Jesse Eisenberg’s Directorial Debut, ‘When You Finish Saving The World,’ Is An Awkward Tweener

When You Finish Saving the World, Jesse Eisenberg’s directorial debut, follows an obnoxious do-gooder mom (Julieanne Moore) and her obnoxious vlogger son (Finn Wolfhard) who are both mostly unpleasant in an almost-funny way that doesn’t quite rise to the level of comedy or satire. A24 is distributing the film but hasn’t yet set a date for the wider release.

Moore plays Evelyn, a gentle Earth mother but a dark cloud in the break room, who often seems like the fun police, both at the battered women’s shelter she runs and at home, where she answers the requisite questions from her husband (Jay O. Sanders) about how her day went with a litany of other people’s problems appropriated as her own. Her son Ziggy (Wolfhard), is a sort of proto-Justin Bieber, prone to telling everyone how many followers he has on HiHat, a fictional site where he gets paid for live-streaming his Ben Kweller-ish folk-rock (with music by Emile Mosseri). The rub is that they’re both narcissists, who don’t take each other for granted so much as barely see each other to begin with.

Evelyn eventually meets Kyle (Billy Bryk), the teen son of a woman staying at her shelter, who seems respectful and engaged in exactly the ways that her son isn’t. Soon Evelyn makes Kyle her project, lavishing the kind of attention on him that she withholds from Ziggy, taking him out to Ethiopian food and trying to get him a scholarship to Oberlin. Kyle doesn’t actually want any of these things, obviously, and Ziggy is in any case preoccupied with Lila (Alisha Boe), a deadly earnest social justice girl who reads poems about the Marshall Islands at the local open mic for obnoxious art youths.

The Kyle and Lila storylines never converge with the Ziggy/Evelyn story, which is fine, I guess. The bigger problem is that while Evelyn and Ziggy are both unlikable in believable enough ways, they’re never quite deliciously unlikable, compellingly unlikable. Their mutual shittiness (and Lila’s as well) don’t quite land as jokes, and aren’t really explored enough to work as satire. It’s hard to figure out what exactly Eisenberg wants to say about these ostentatious characters. The music is probably the strongest element, nicely riding the line between gratingly cloying and genuinely catchy.

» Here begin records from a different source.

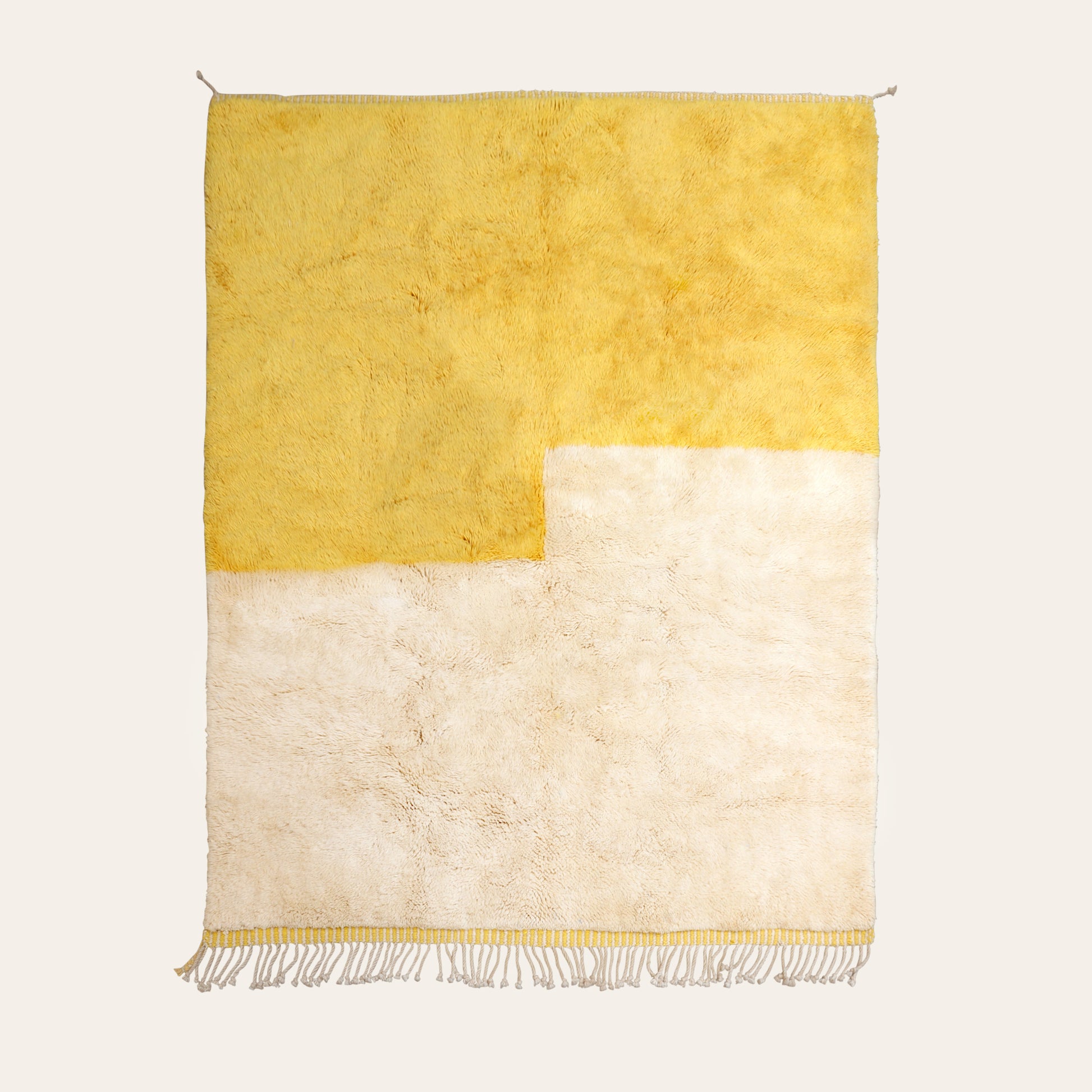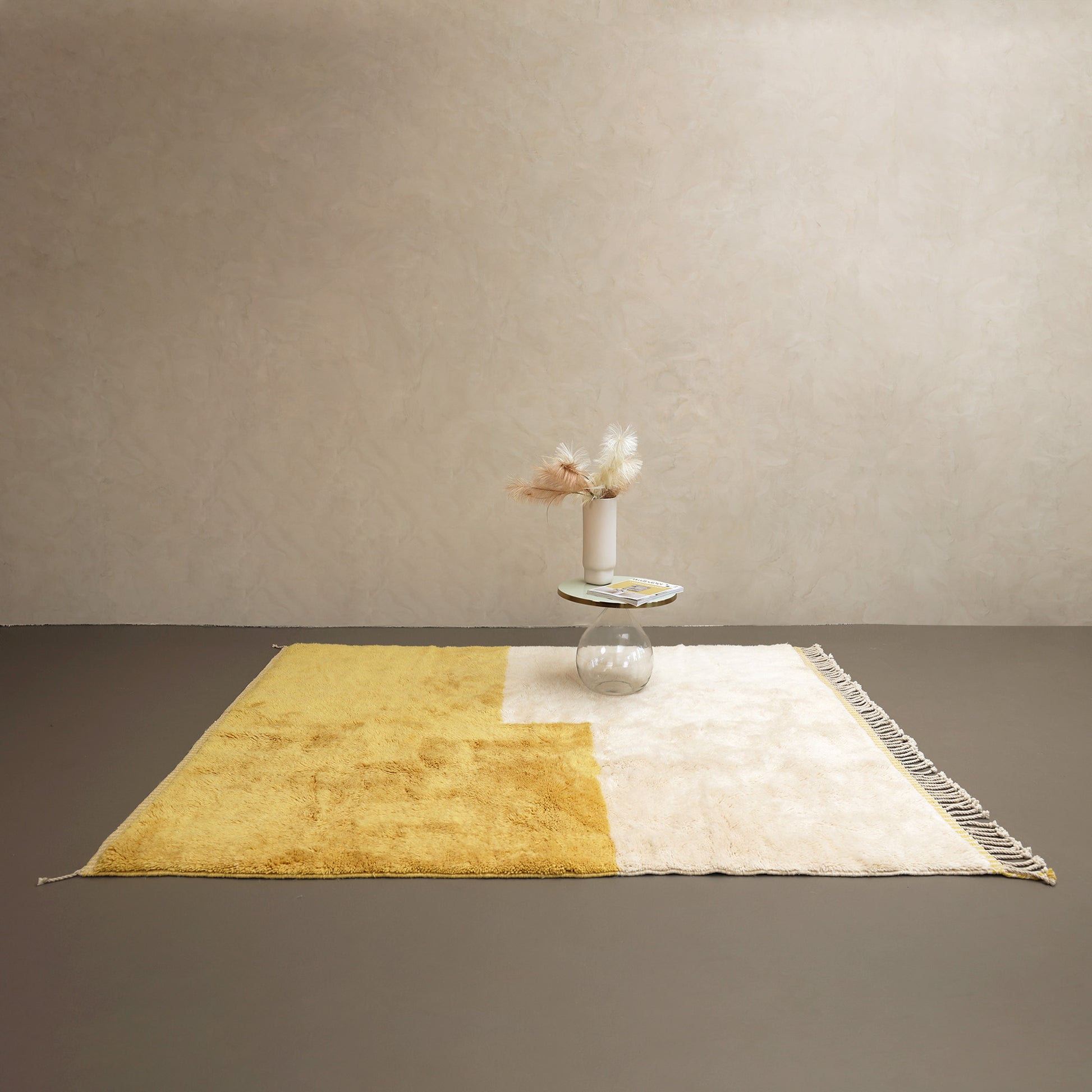 Gemaakt van natuurlijke en zonkleurige wol, is dit half-half Berberse tapijt het perfecte vloerkleed om je ruimte te verlichten. De witte helft brengt een luchtig gevoel terwijl het zonneschijn-achtige gele helft een vrolijke en opbeurende touch toevoegt. Deze dynamische combinatie creëert een verfijnde, maar rustgevende sfeer, ideaal voor wie een vleugje vreugde aan zijn interieur wil toevoegen.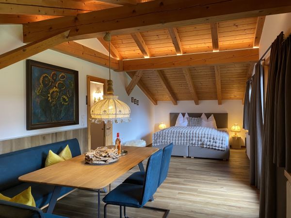 - Gemütlicher offener Wohn-Schlafraum mit klassisch, traditionellen Wohnelementen aus Holz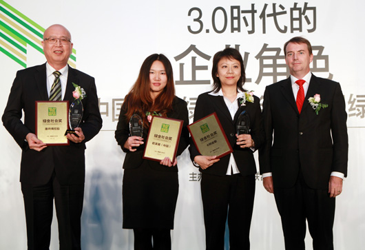康師傅華北區(qū)董事長張百清(左一)代表康師傅控股接受綠金社會獎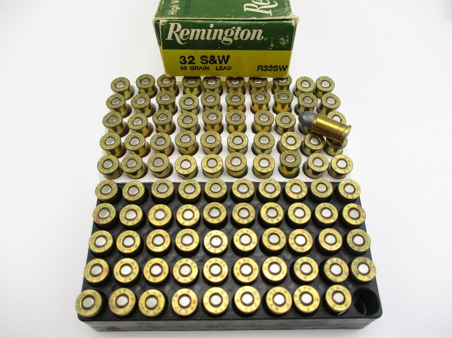 REMINGTON .32 S&W AMMO, 100 RNDS, 88 GRNS (STATED ON BOX, NOT CONFIRMED), LEAD, THERE ARE NEW SHIPPING RESTRICTIONS, PLEASE MAKE SURE YOU HAVE READ AND CONFIRMED WE CAN SHIP TO YOU BEFORE BIDDING ON THIS LOT. PLEASE SEE LOT 0 IN THIS SESSION. NO REFUNDS WILL BE ISSUED, OR BIDS RETRACTED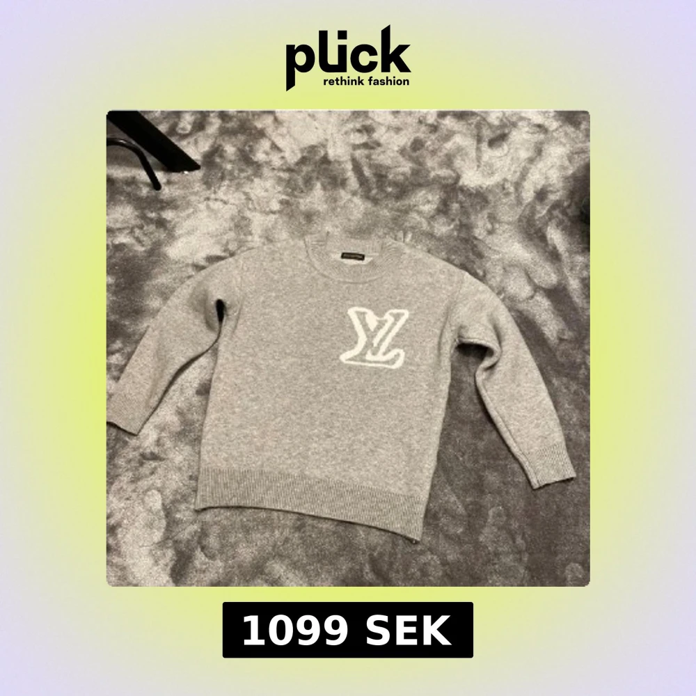 Snygg grå stickad tröja från Louis Vuitton med stort vitt LV-logo framtill. Tröjan har rund hals, ribbade muddar och långärmad passform. Perfekt för dig som gillar exklusiva märken och vill ha en stilren look.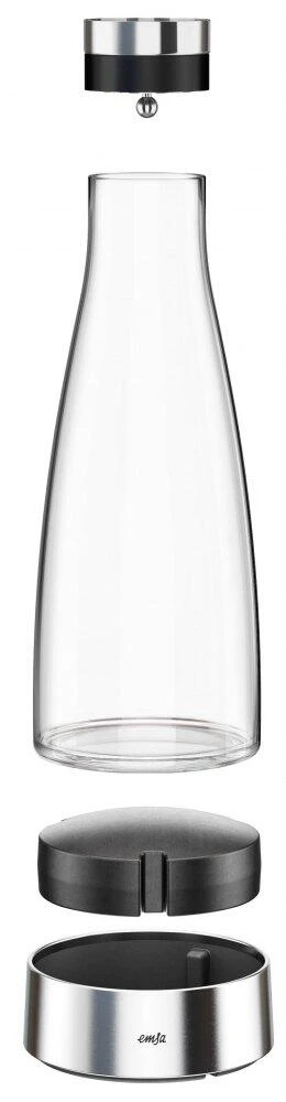 Emsa Kühlkaraffe Flow Bottle, 1,0 L. Die Karaffe im schlanken Design für alle Getränke, die am besten gekühlt schmecken. Dieser einzigartige Dekanter ist mit einem Kühlaggregat ausgestattet, der die erforderliche niedrige Temperatur vier Stunden lang hält.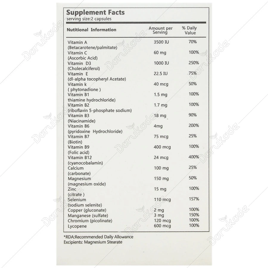 این ترکیب با داشتن موادی چون ویتامین های ث، ای وبتاکاروتن و موادی چون لیکوپن، سلنیوم، روی و مس مجموعه کاملی از آنتی اکسیدان ها را تشکیل می دهد که برای مقابله با اثرات مخرب رادیکال های آزاد در بدن لازم و ضروری هستند و ضمن افزایش سلامت عمومی بدن از بیماری های قلبی-عروقی، سرطان، دیابت، عفونت، التهاب و پیری زودرس جلوگیری می کنند. لیکوپن آنتی اکسیدانی است که خطر ابتلا به سرطان پروستات را کم می کند.سلنیوم با افزایش تولید و حرکت اسپرم نقش موثری در افزایش قدرت باروری آقایان ایفا می کند.ویتامین ای با خاصیت ضد انعقادی خود به جریان راحت خون در رگها کمک کرده و از بروز سکته های قلبی و مغزی جلوگیری می کند.منیزیم عنصری در تولید انرژی است که گرفتگی های عضلانی را کاهش می دهد و از احساس ضعف و خستگی جلوگیری می کند.کروم با تنظیم قند خون به پیشگیری از دیابت و کنترل آن کمک زیادی می کند. کلسیم موجود در فرآورده نقش موثری در استحکام استخوان ها و دندان ها ایفا می کند.ویتامین دی و منیزیم موجود در فرآورده به جذب کلسیم بسیار کمک می کنند.این مکمل با داشتن 15 میلی گرم زینک المنتال و ویتامین های گروه ب نقش ویژه ای در سلامت پوست و مو ایفا می کند. همچنین روی به همراه ویتامین ث باعث افزایش کارایی سیستم ایمنی بدن و جلوگیری از بروز بیماری می شود.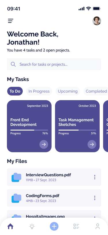 For the forty-second design by Daily UI, I was challenged to design a To-Do List or Manager UI. I designed a Task & Project Management mobile app for users to manage their tasks or projects, secure their files, and organize their tasks by: To Do, In Progress, and Completed.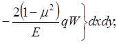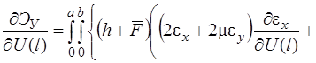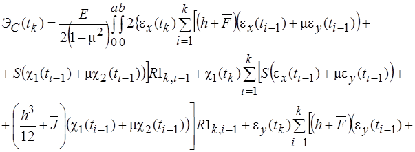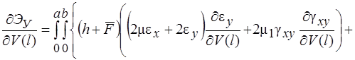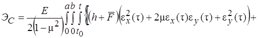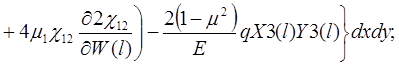 Оболочки покрытия и перекрытия строительных сооружений не могут допускать прогибы, соизмеримые с их толщиной, поэтому можно вести их расчет в геометрически линейной постановке, при этом существенно упрощаются все соотношения. В этом случае функционал полной энергии деформации ребристой оболочки при действии на нее поперечной нагрузки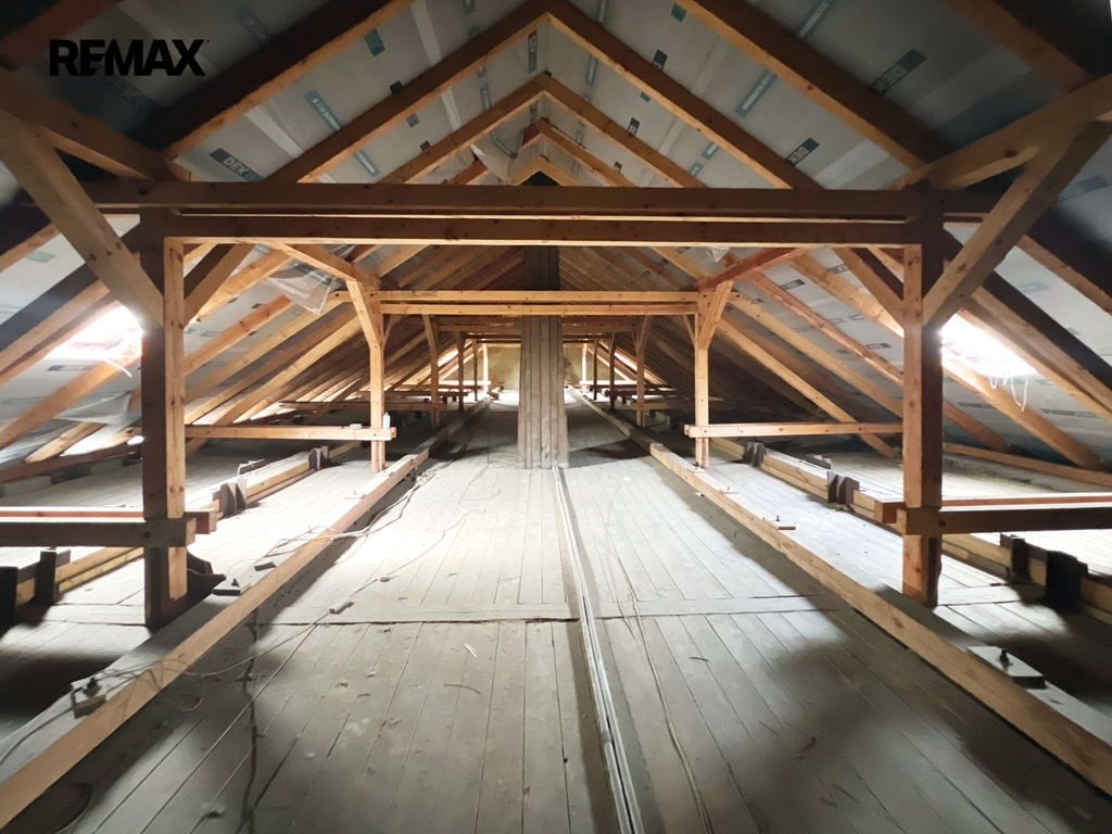 Prostor sokolovny s mimořádnou výškou stropu nabízí možnost vytvořit dvě plnohodnotná podlaží navíc, což výrazně navyšuje potenciální podlahovou plochu. Volná půda umožňuje realizaci vestavby v plném rozsahu zastavěné plochy, což otevírá cestu k dalším bytovým jednotkám či loftovým prostorům. Tyto parametry umožňují navrhnout projekt, který maximalizuje ekonomický výnos a zároveň respektuje urbanistické limity lokality.

To his credit, Wolfhard is much more effective here than he was in the most recent Ghostbusters movie, maybe because Ziggy’s obnoxious is more intentional. Moore is solid as always, but oddly enough, the most interesting character in the film is a kid who dresses like an Irish day laborer from 1925 and sings pro-union folk songs, who we see only in passing at Lila’s open mic. Who is that guy? What’s his deal? Where everyone else is playing a slightly different flavor of shitlib caricature, the mini Woody Guthrie at least feels like a bit of a wild card.

To its credit, When You Finish Saving The World is only 85 minutes long, so even if it doesn’t exactly set the world on fire at least it doesn’t overstay its welcome. There was maybe something here but it feels a little undercooked.